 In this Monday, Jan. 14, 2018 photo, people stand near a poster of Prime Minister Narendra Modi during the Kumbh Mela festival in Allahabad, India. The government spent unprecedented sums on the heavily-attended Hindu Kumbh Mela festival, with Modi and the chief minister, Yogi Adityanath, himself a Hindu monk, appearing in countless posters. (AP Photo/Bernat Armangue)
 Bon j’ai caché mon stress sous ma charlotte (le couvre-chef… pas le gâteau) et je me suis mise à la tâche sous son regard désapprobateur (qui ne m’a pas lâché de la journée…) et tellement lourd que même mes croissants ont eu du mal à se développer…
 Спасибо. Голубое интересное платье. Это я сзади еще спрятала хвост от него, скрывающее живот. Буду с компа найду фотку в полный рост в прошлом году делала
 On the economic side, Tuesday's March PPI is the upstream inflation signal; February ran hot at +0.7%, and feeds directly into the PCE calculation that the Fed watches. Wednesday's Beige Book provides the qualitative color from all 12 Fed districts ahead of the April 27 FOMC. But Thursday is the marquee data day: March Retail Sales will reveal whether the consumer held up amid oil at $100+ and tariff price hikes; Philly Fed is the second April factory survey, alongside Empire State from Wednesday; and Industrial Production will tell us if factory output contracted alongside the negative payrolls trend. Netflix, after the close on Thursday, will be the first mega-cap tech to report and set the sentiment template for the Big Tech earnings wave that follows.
════
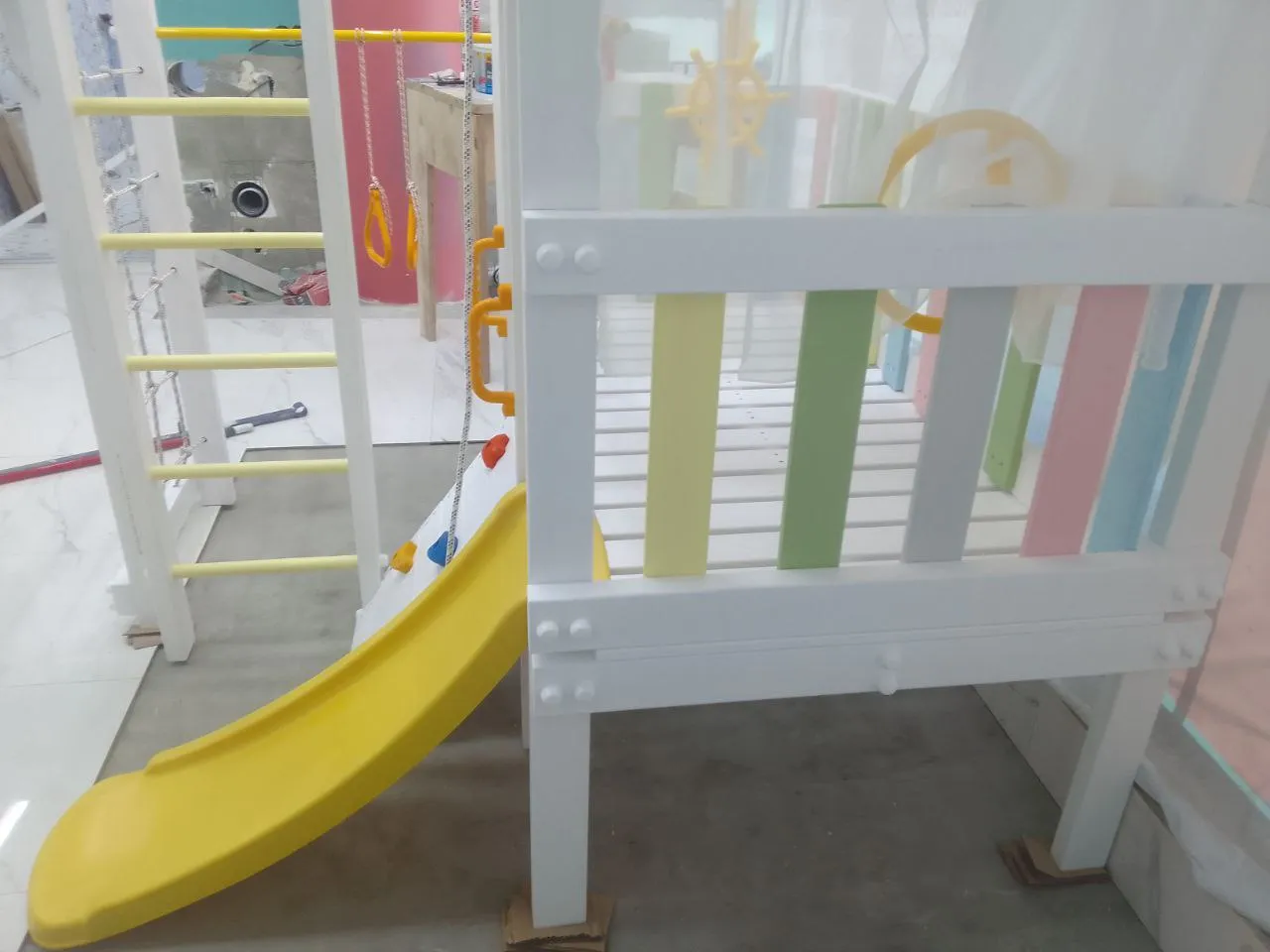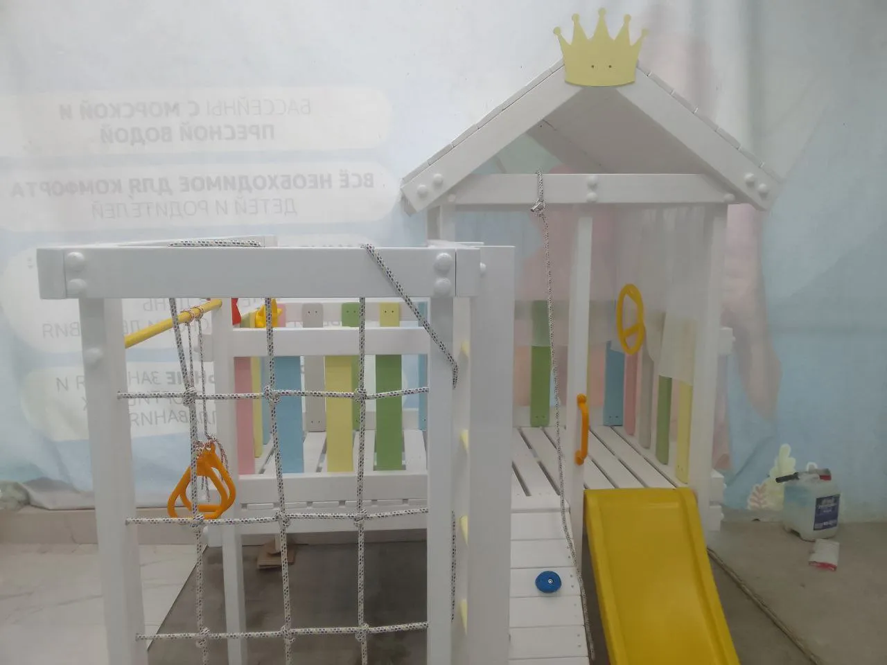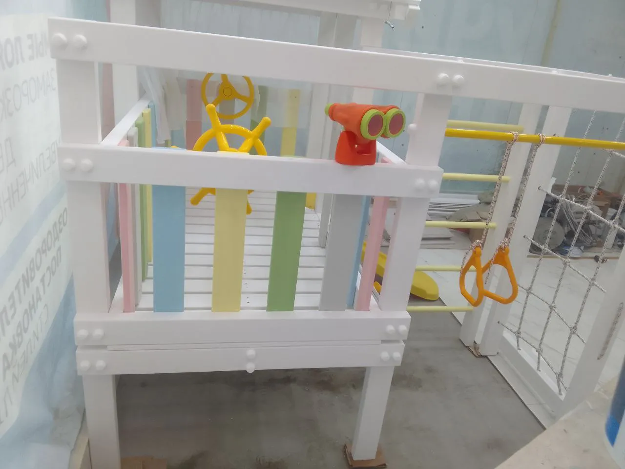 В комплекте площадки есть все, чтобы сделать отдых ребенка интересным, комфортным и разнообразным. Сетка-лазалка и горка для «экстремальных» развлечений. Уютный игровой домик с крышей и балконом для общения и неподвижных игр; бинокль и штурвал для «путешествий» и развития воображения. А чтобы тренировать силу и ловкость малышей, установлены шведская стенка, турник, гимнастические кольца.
════
◆ WORK TO BE COMPLETED ◆
Given the records above, reproduce precisely and only the lines between the line holding "Bon j’ai caché" and the line holding "Спасибо. Голубое интересное", inclusive.

◆ ANSWER BOX ◆
 Bon j’ai caché mon stress sous ma charlotte (le couvre-chef… pas le gâteau) et je me suis mise à la tâche sous son regard désapprobateur (qui ne m’a pas lâché de la journée…) et tellement lourd que même mes croissants ont eu du mal à se développer…
 Спасибо. Голубое интересное платье. Это я сзади еще спрятала хвост от него, скрывающее живот. Буду с компа найду фотку в полный рост в прошлом году делала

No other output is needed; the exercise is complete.